The lessees would be treated as disposing of their existing leases at market value and acquiring the new leases at their greater value. The unpaid difference would be subject to income tax, either as a benefit in kind if they are directors, or treated as if it were a dividend under Corporation Tax Act 2010 s 1064. If the unpaid difference is treated as employment income, the company would have a liability for Class 1A NIC at 13.8%. 

The company would have a liability for corporation tax anyway, with no cash available. 

Other considerations

If this were after March 2023, the small profits rate of 19% might not be available. If the company is a ‘close investment-holding company’ (under Corporation Tax Act 2010 s 34), the corporation tax rate would be 25%. The company would be caught if it is ‘connected’ with the lessees (see s 34(3)).
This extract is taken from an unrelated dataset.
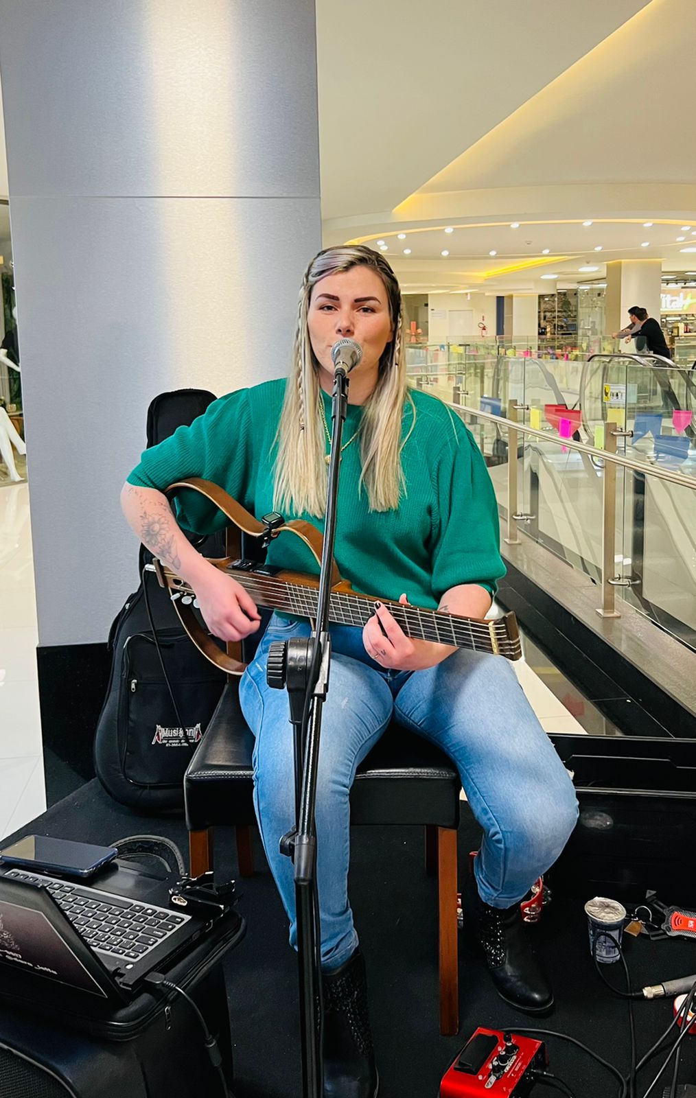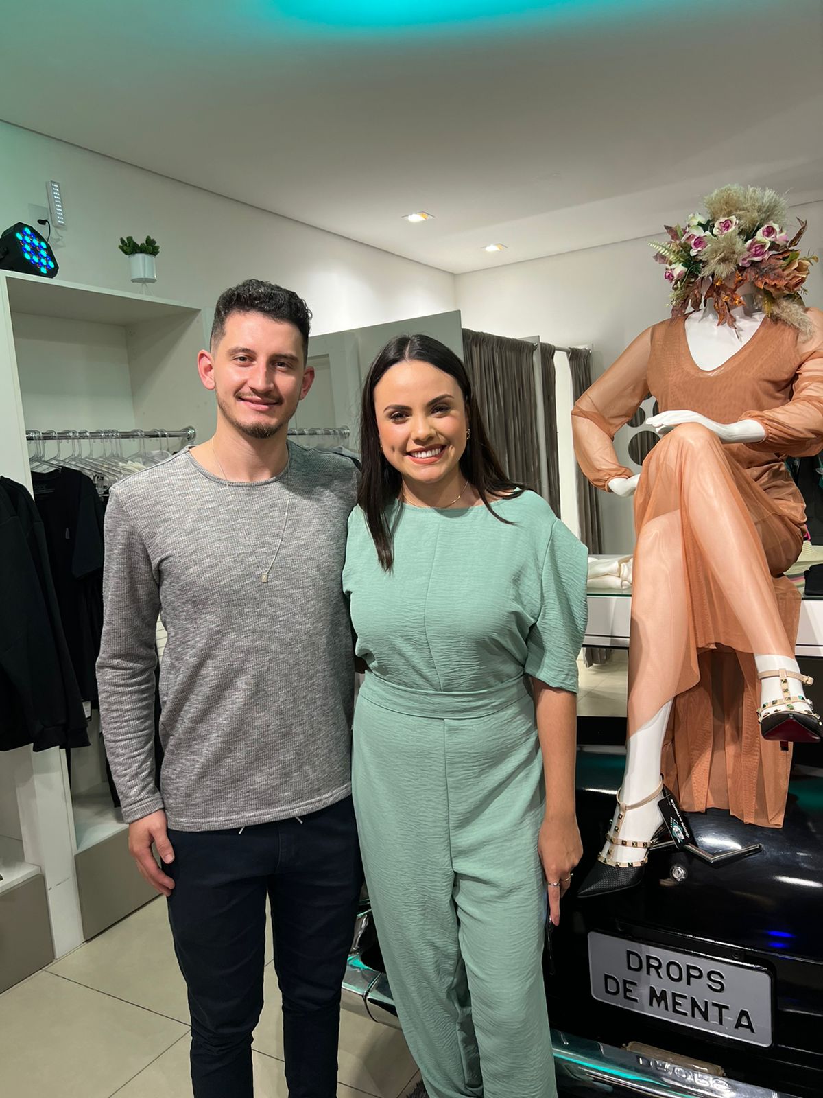 Jonahtan e Bárbara elegantes na loja Drops de Menta no Infinity Shopping.

An individual is ‘connected’ with a company if, together with those connected with him or her, such as relatives, etc., the individual controls the company (see Corporation Tax Act 2010 s 1122). Certainly, if most of the individual lessees of flats in a block owned by a company are related to one another, each lessee will ‘control’ the company and will therefore be connected. In addition, even if the lessees are not related, any two or more persons acting together to secure or exercise control of a company are connected with one another, and each is therefore connected with the company. 

However, it is thought that HMRC doesn’t take this as applying to the typical situation of a company owning the freehold of a block of flats, whose members are the lessees of those flats. In any case, the extra-statutory concession D39 would not be available, resulting in possible capital gains tax liabilities for the lessees. Clearly, this is not an advisable route.
Although it will rarely apply, one should also recognise the possible relevance of the annual tax on enveloped dwellings (ATED). Corporate lessees of flats of sufficient value should already be aware of any ATED responsibilities. Less obvious is the situation where an individual lessee is ‘connected’ with the company owning the freehold of his flat, as considered above. 

ATED applies if the property is worth more than £2 million and the company’s interest is worth more than £500,000 or the property is worth £2 million or less and the company’s interest is worth more than £250,000. The values referred to are normally those at 1 April 2017 or subsequent acquisition (see Finance Act 2013 s 110).